● **What the task asks**: Below are several records. Retype exactly those lines running from the one with "La cuvette d'alpages" through the one with "Junior Suite Sea", end lines included, and no others.
======== Recorded data ========
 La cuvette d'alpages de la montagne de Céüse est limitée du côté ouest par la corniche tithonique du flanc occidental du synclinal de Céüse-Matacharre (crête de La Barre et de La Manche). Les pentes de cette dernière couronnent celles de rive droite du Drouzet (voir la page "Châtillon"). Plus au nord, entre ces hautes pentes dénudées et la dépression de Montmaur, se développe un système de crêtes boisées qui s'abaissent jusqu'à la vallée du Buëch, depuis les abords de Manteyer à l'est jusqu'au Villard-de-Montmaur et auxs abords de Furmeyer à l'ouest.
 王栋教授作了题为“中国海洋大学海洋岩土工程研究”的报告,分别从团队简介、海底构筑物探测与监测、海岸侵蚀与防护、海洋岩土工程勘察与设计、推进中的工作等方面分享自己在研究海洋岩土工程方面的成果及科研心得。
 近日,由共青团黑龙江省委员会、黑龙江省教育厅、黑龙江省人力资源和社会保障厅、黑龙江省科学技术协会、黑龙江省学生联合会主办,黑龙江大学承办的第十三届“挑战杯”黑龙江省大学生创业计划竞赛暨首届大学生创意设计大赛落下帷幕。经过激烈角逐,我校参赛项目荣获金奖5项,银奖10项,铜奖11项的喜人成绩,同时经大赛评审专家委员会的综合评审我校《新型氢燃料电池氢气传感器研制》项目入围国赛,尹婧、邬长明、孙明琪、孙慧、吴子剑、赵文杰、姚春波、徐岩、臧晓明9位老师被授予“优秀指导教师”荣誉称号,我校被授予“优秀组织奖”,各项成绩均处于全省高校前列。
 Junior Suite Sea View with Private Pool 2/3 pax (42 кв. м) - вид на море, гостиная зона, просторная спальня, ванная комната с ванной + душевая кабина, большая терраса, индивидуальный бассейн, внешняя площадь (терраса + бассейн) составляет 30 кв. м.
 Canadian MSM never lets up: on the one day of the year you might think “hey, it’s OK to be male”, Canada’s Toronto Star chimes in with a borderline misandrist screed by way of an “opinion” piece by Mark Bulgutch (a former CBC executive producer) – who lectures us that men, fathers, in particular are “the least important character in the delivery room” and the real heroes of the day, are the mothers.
========
======== Recorded data ========
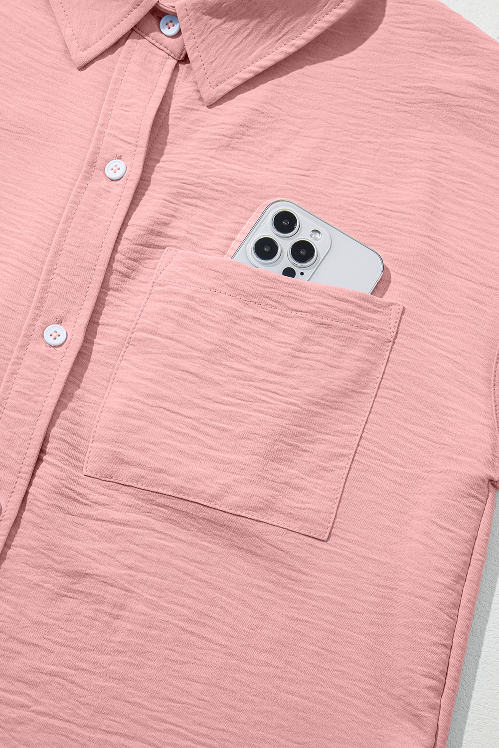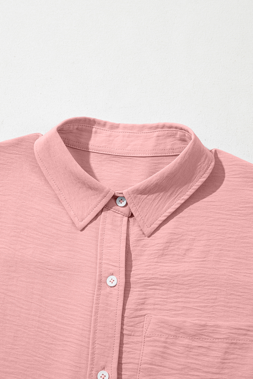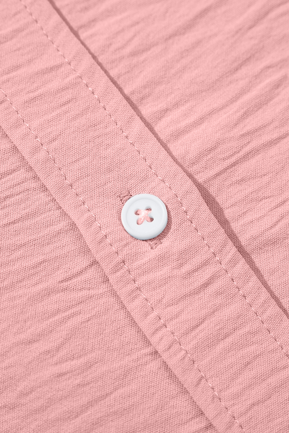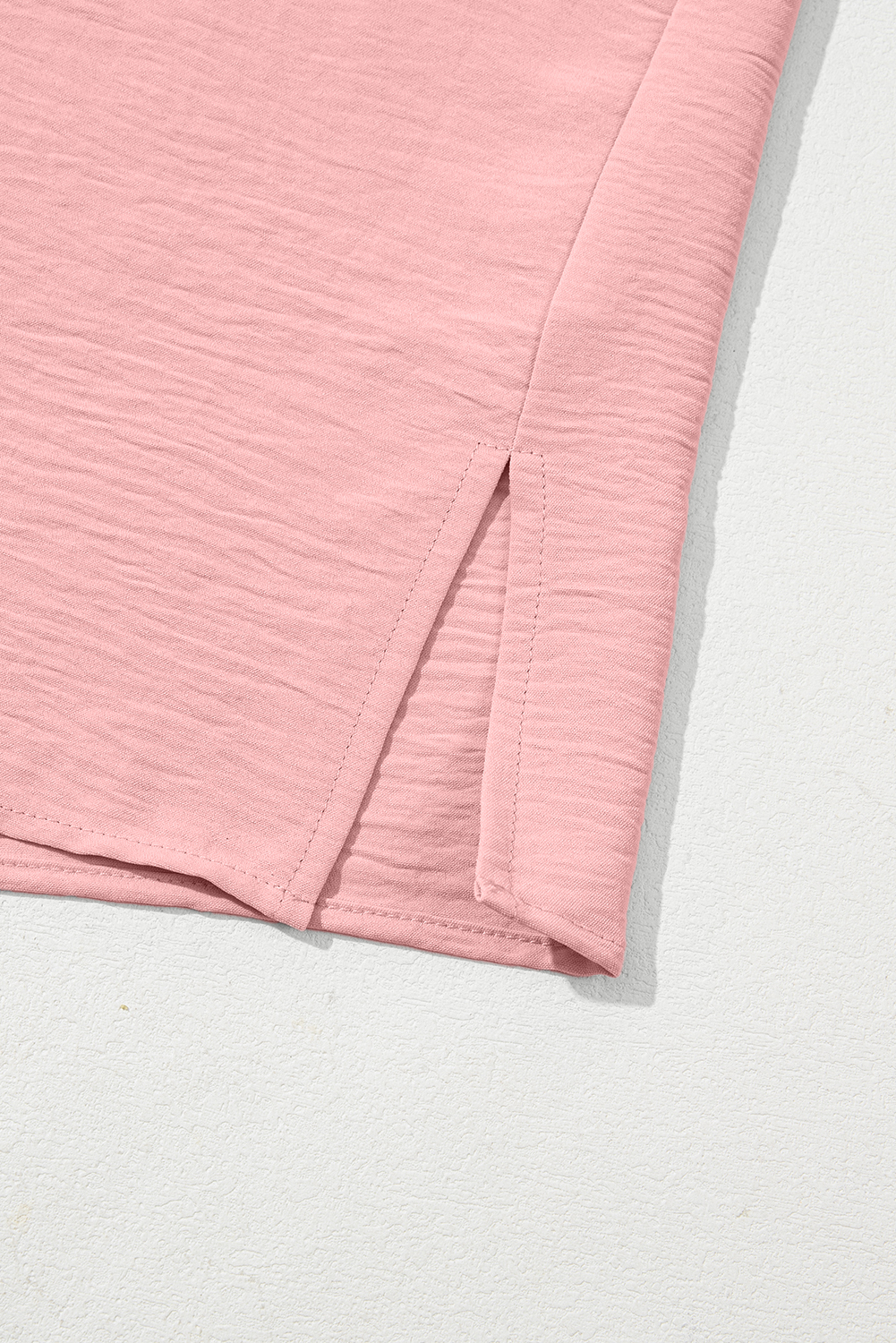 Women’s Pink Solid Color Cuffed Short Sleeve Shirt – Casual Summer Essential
========
● **Response to this task**:
 La cuvette d'alpages de la montagne de Céüse est limitée du côté ouest par la corniche tithonique du flanc occidental du synclinal de Céüse-Matacharre (crête de La Barre et de La Manche). Les pentes de cette dernière couronnent celles de rive droite du Drouzet (voir la page "Châtillon"). Plus au nord, entre ces hautes pentes dénudées et la dépression de Montmaur, se développe un système de crêtes boisées qui s'abaissent jusqu'à la vallée du Buëch, depuis les abords de Manteyer à l'est jusqu'au Villard-de-Montmaur et auxs abords de Furmeyer à l'ouest.
 王栋教授作了题为“中国海洋大学海洋岩土工程研究”的报告,分别从团队简介、海底构筑物探测与监测、海岸侵蚀与防护、海洋岩土工程勘察与设计、推进中的工作等方面分享自己在研究海洋岩土工程方面的成果及科研心得。
 近日,由共青团黑龙江省委员会、黑龙江省教育厅、黑龙江省人力资源和社会保障厅、黑龙江省科学技术协会、黑龙江省学生联合会主办,黑龙江大学承办的第十三届“挑战杯”黑龙江省大学生创业计划竞赛暨首届大学生创意设计大赛落下帷幕。经过激烈角逐,我校参赛项目荣获金奖5项,银奖10项,铜奖11项的喜人成绩,同时经大赛评审专家委员会的综合评审我校《新型氢燃料电池氢气传感器研制》项目入围国赛,尹婧、邬长明、孙明琪、孙慧、吴子剑、赵文杰、姚春波、徐岩、臧晓明9位老师被授予“优秀指导教师”荣誉称号,我校被授予“优秀组织奖”,各项成绩均处于全省高校前列。
 Junior Suite Sea View with Private Pool 2/3 pax (42 кв. м) - вид на море, гостиная зона, просторная спальня, ванная комната с ванной + душевая кабина, большая терраса, индивидуальный бассейн, внешняя площадь (терраса + бассейн) составляет 30 кв. м.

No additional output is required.